Then filling the input parameter structure like follows

WRITE_DEVICE_DATA_INPARAMS m_WRITE_DEVICE_DATA_INPARAMS;
::memset(&m_WRITE_DEVICE_DATA_INPARAMS,0,sizeof(WRITE_DEVICE_DATA_INPARAMS));
m_WRITE_DEVICE_DATA_INPARAMS.ucBarIndex = 1;
m_WRITE_DEVICE_DATA_INPARAMS.ulPhysicalAddress = 0x34; // Dword-aligned
register offset. m_WRITE_DEVICE_DATA_INPARAMS.ulItemSize = 1024;
m_WRITE_DEVICE_DATA_INPARAMS.data.vulDataBuf[0] = pulTemp ;

after that i am passing that structure to the driver through DeviceIoCtl

but before using the address of memory region allocated by malloc in user
mode i want to lock that memory so that it won’t get swapped out.

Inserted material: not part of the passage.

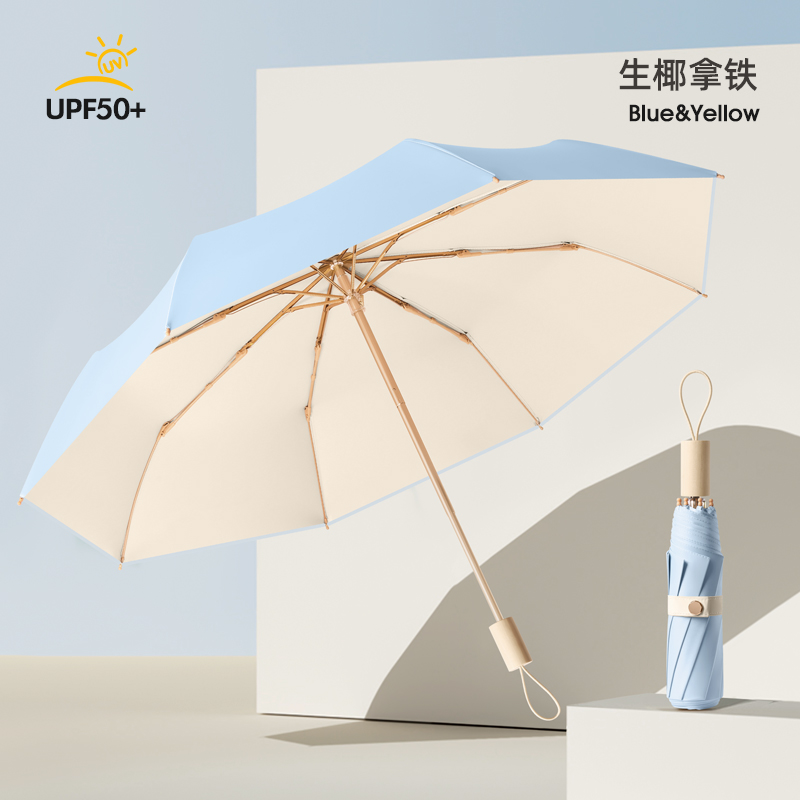 Name: Three-Fold Astronaut Umbrella Frame: Steel frame with fiber double ribs Canopy: Black-coated fabric Handle: Astronaut handle Size: 54*8 cm Diameter when open: 102 cm, Length when folded: 31 cm Packaging: Matching color fabric cover, OPP bag packaging Quantity: 60 pcs/box Box dimensions: 45/35/30 cm Gross weight: 17 kg

i tried to map it to kernel virtual address by using MmMapIoSpace but i am
getting bug check and its message is that i must lock that before calling
MmMapIoSpace.

how can i do that ?
any help will be appreciated.

Regards

_________________________________________________________________
Catch the latest fashion shows, get beauty tips and learn more on fashion
and lifestyle.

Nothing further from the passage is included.